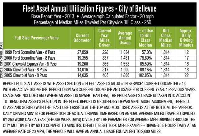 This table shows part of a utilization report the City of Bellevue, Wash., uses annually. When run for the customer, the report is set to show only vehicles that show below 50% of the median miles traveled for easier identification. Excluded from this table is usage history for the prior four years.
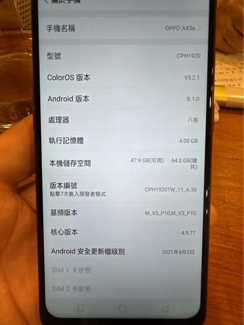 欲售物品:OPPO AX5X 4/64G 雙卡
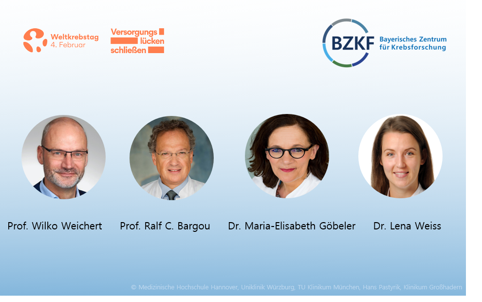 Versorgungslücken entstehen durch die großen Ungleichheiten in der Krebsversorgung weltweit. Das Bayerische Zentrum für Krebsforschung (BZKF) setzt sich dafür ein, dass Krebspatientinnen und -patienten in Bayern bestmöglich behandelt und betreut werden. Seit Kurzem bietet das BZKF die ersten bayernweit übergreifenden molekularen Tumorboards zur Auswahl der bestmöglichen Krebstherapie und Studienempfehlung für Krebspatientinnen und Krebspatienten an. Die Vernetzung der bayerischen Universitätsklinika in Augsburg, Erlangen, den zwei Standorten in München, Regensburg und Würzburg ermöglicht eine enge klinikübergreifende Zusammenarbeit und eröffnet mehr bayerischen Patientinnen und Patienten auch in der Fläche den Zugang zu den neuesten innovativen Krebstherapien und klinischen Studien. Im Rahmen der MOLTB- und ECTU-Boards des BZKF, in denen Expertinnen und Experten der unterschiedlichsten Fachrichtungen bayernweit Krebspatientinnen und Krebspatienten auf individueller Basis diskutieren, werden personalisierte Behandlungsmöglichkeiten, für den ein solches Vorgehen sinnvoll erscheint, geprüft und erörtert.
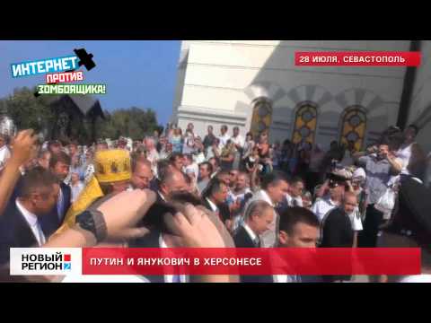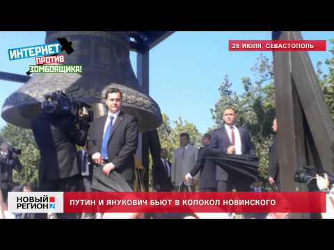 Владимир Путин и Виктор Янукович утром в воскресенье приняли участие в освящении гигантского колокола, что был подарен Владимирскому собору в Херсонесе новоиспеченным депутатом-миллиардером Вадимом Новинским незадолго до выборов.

TO DO
Repeat the listing in full and exactly. Do not include any images.

TASK SOLUTION
 This table shows part of a utilization report the City of Bellevue, Wash., uses annually. When run for the customer, the report is set to show only vehicles that show below 50% of the median miles traveled for easier identification. Excluded from this table is usage history for the prior four years.
 欲售物品:OPPO AX5X 4/64G 雙卡
 Versorgungslücken entstehen durch die großen Ungleichheiten in der Krebsversorgung weltweit. Das Bayerische Zentrum für Krebsforschung (BZKF) setzt sich dafür ein, dass Krebspatientinnen und -patienten in Bayern bestmöglich behandelt und betreut werden. Seit Kurzem bietet das BZKF die ersten bayernweit übergreifenden molekularen Tumorboards zur Auswahl der bestmöglichen Krebstherapie und Studienempfehlung für Krebspatientinnen und Krebspatienten an. Die Vernetzung der bayerischen Universitätsklinika in Augsburg, Erlangen, den zwei Standorten in München, Regensburg und Würzburg ermöglicht eine enge klinikübergreifende Zusammenarbeit und eröffnet mehr bayerischen Patientinnen und Patienten auch in der Fläche den Zugang zu den neuesten innovativen Krebstherapien und klinischen Studien. Im Rahmen der MOLTB- und ECTU-Boards des BZKF, in denen Expertinnen und Experten der unterschiedlichsten Fachrichtungen bayernweit Krebspatientinnen und Krebspatienten auf individueller Basis diskutieren, werden personalisierte Behandlungsmöglichkeiten, für den ein solches Vorgehen sinnvoll erscheint, geprüft und erörtert.
 Владимир Путин и Виктор Янукович утром в воскресенье приняли участие в освящении гигантского колокола, что был подарен Владимирскому собору в Херсонесе новоиспеченным депутатом-миллиардером Вадимом Новинским незадолго до выборов.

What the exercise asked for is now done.